**WORK REQUIRED**
Aim for an exact copy of the listing, without any images.

**DATA**
◇ ◇ ◇ ◇ ◇
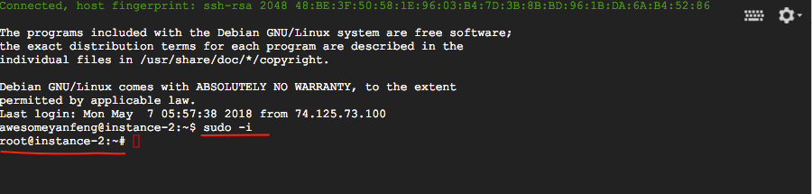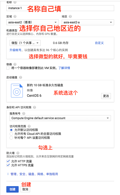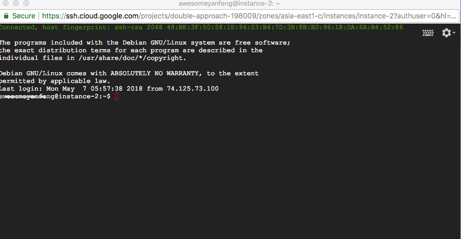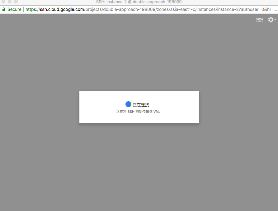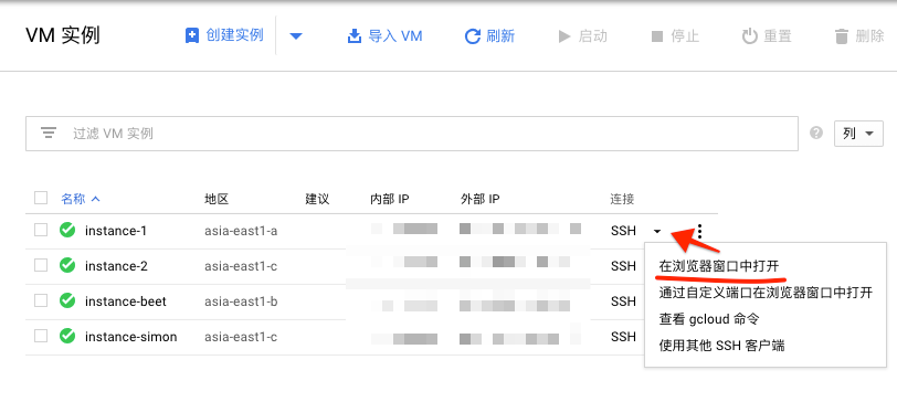 按照图中的标注,填写配置信息。然后就转入VM实例的页面,点击 SSH 右边的箭头后选择在浏览器窗口中打开,会在另外窗口打开控制程序:
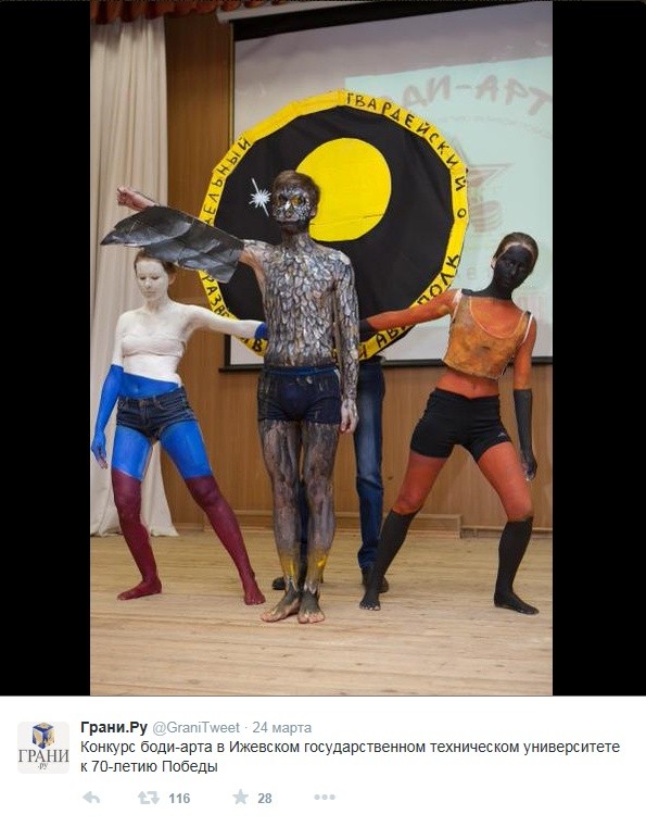 | Журавлев написал: Оффтопик: ... и кстати удали пожалуйста видео с гопником,порочащее память о великой Русской победе! Гопники мелочь. Давно-ли со страшным воем отправили на кичу девчонок, станцевавших на кургане в Новороссийске на траверзе полуруин памятника? Только что наткнулся на странные творения из Ижевска. И особо никто не возмущается. Ни в мэриях, ни в "рядах работников искусства". Не ловят, не сажают. Как всегда, спутали идиотов или провокаторов с новаторами? Гы-гы... Фантазия контуженных. Боди-уроди, короче. ----------
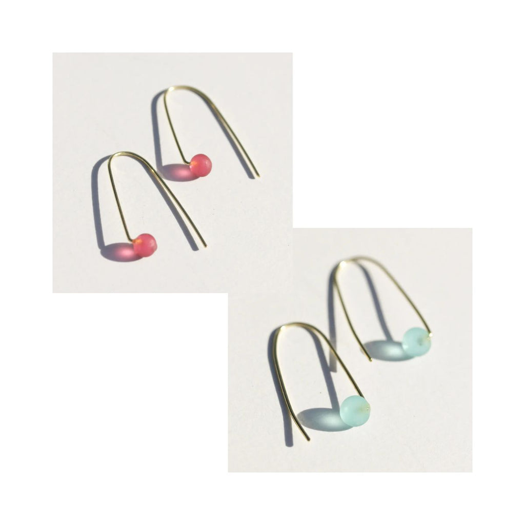 Light, coastal, and quietly beautiful, the Sea Glass Threader Earrings by Rover & Kin bring a touch of the shoreline to your everyday look. Frosted glass beads in soft, sun-kissed hues thread through the ear in a minimalist design that feels effortless from morning to evening. Available in two colourways, Aqua and Rosé.
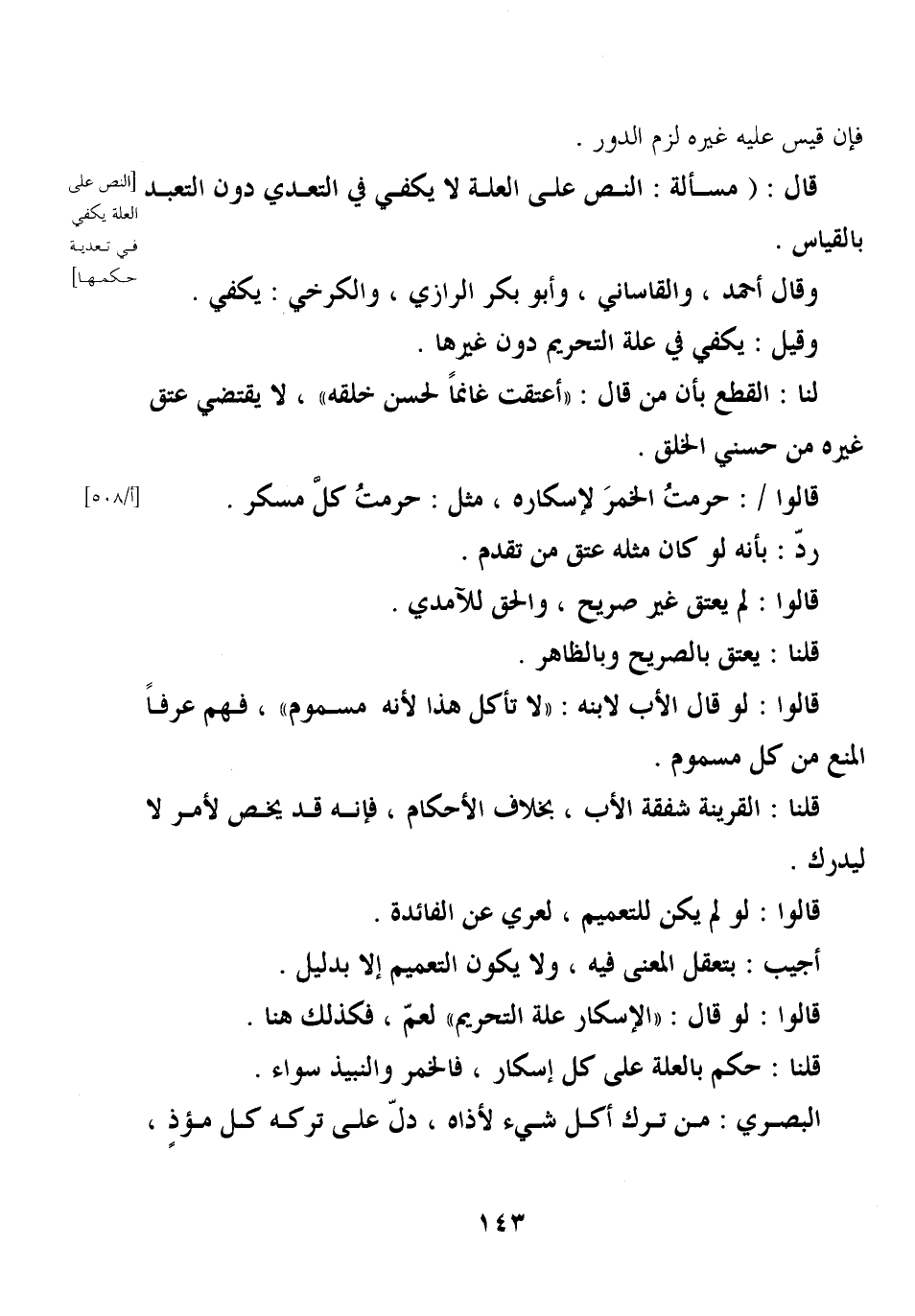 قالوا/: حرمت الخمر لإسكاره، مثل: حرمت كل مسكر.
◇ ◇ ◇ ◇ ◇
**RESPONSE TO THIS EXERCISE**
 按照图中的标注,填写配置信息。然后就转入VM实例的页面,点击 SSH 右边的箭头后选择在浏览器窗口中打开,会在另外窗口打开控制程序:
 | Журавлев написал: Оффтопик: ... и кстати удали пожалуйста видео с гопником,порочащее память о великой Русской победе! Гопники мелочь. Давно-ли со страшным воем отправили на кичу девчонок, станцевавших на кургане в Новороссийске на траверзе полуруин памятника? Только что наткнулся на странные творения из Ижевска. И особо никто не возмущается. Ни в мэриях, ни в "рядах работников искусства". Не ловят, не сажают. Как всегда, спутали идиотов или провокаторов с новаторами? Гы-гы... Фантазия контуженных. Боди-уроди, короче. ----------
 Light, coastal, and quietly beautiful, the Sea Glass Threader Earrings by Rover & Kin bring a touch of the shoreline to your everyday look. Frosted glass beads in soft, sun-kissed hues thread through the ear in a minimalist design that feels effortless from morning to evening. Available in two colourways, Aqua and Rosé.
 قالوا/: حرمت الخمر لإسكاره، مثل: حرمت كل مسكر.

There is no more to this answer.